[Task inputs Boundary: Start]
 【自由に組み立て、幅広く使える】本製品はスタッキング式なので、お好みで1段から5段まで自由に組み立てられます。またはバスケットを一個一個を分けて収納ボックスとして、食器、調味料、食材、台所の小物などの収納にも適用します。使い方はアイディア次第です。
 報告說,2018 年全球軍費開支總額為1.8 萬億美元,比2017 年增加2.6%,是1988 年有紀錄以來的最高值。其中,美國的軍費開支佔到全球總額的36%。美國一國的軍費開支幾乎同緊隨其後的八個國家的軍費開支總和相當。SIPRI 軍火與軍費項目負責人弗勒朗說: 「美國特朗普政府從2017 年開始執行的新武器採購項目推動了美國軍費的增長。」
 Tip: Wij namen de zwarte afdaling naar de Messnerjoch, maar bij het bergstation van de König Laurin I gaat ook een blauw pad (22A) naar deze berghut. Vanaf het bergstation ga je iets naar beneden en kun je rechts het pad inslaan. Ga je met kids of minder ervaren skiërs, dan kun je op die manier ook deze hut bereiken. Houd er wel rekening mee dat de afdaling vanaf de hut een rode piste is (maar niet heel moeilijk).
[Task inputs Boundary: End]
[Task inputs Boundary: Start]
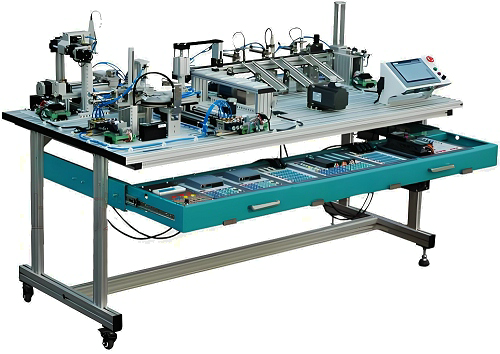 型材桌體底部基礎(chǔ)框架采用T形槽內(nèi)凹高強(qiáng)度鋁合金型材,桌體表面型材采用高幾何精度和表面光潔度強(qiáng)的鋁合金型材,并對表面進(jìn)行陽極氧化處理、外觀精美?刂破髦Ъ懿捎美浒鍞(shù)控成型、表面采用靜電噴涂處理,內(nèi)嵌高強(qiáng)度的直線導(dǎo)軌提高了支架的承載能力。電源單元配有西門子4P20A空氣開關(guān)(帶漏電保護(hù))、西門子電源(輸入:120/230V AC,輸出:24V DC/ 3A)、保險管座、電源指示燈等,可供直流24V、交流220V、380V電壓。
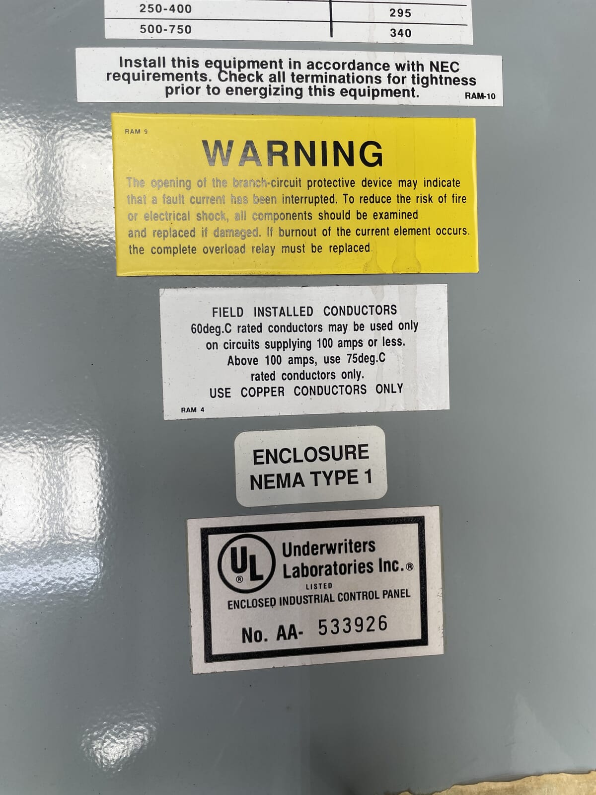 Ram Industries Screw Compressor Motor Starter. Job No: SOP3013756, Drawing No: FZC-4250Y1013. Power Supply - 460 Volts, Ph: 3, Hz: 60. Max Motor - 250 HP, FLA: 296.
[Task inputs Boundary: End]
[Task inputs Boundary: Start]
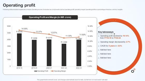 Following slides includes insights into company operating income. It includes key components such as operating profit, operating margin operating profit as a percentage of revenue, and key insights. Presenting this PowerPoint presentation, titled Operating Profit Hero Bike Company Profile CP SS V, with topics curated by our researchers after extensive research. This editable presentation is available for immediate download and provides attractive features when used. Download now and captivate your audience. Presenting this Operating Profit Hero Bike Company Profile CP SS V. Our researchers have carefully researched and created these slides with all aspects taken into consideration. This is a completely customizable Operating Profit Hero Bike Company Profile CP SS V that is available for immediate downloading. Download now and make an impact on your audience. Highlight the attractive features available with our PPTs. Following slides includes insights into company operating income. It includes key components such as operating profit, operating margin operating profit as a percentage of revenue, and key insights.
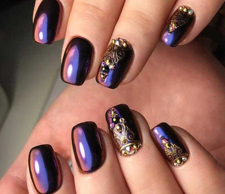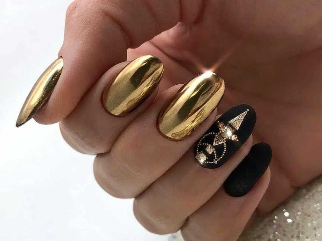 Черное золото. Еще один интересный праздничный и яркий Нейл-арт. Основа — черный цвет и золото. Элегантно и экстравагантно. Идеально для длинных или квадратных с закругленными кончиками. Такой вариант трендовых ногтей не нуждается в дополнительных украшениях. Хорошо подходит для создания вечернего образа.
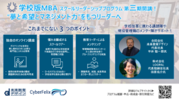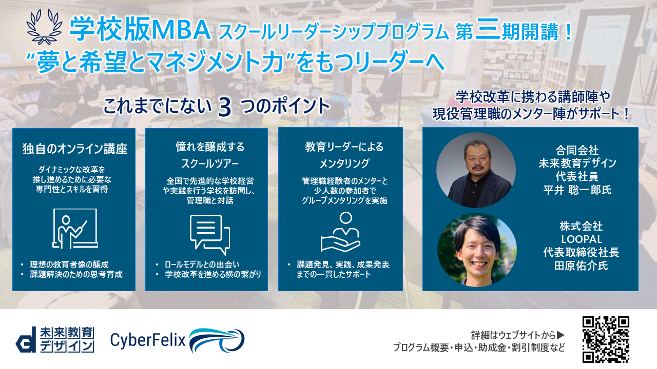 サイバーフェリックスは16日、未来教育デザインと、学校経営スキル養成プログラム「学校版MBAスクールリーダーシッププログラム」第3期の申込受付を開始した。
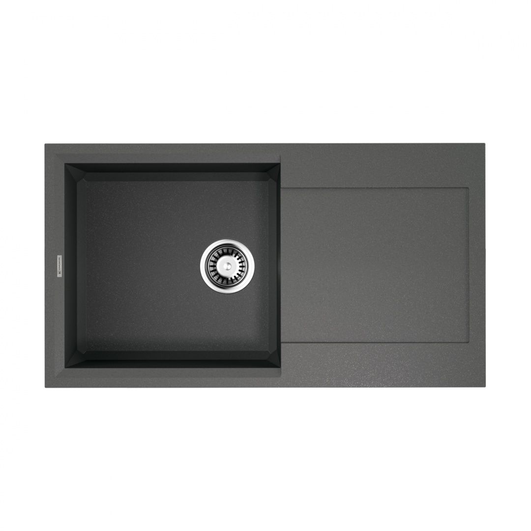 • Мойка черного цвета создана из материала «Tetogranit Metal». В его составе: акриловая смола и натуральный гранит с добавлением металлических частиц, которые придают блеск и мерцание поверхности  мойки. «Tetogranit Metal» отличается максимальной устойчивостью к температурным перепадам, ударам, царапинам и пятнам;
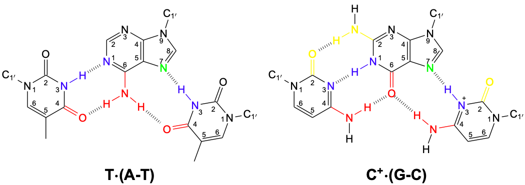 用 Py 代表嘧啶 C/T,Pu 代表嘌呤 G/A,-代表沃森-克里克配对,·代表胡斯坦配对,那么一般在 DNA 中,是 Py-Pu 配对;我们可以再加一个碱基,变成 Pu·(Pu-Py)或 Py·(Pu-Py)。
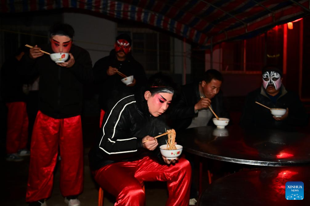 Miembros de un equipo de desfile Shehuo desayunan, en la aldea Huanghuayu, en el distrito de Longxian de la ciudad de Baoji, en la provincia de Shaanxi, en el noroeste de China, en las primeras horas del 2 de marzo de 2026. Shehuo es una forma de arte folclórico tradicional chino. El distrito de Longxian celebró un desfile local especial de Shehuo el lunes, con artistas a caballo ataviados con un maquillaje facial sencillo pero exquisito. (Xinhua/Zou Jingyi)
[Task inputs Boundary: End]
● Problem description:
The line holding "Черное золото. Еще" starts the copy and the line holding "царапинам и пятнам;" ends it. Repeat those two lines above and all between them exactly, leaving out pictures.

● Answer box:
 Черное золото. Еще один интересный праздничный и яркий Нейл-арт. Основа — черный цвет и золото. Элегантно и экстравагантно. Идеально для длинных или квадратных с закругленными кончиками. Такой вариант трендовых ногтей не нуждается в дополнительных украшениях. Хорошо подходит для создания вечернего образа.
 サイバーフェリックスは16日、未来教育デザインと、学校経営スキル養成プログラム「学校版MBAスクールリーダーシッププログラム」第3期の申込受付を開始した。
 • Мойка черного цвета создана из материала «Tetogranit Metal». В его составе: акриловая смола и натуральный гранит с добавлением металлических частиц, которые придают блеск и мерцание поверхности  мойки. «Tetogranit Metal» отличается максимальной устойчивостью к температурным перепадам, ударам, царапинам и пятнам;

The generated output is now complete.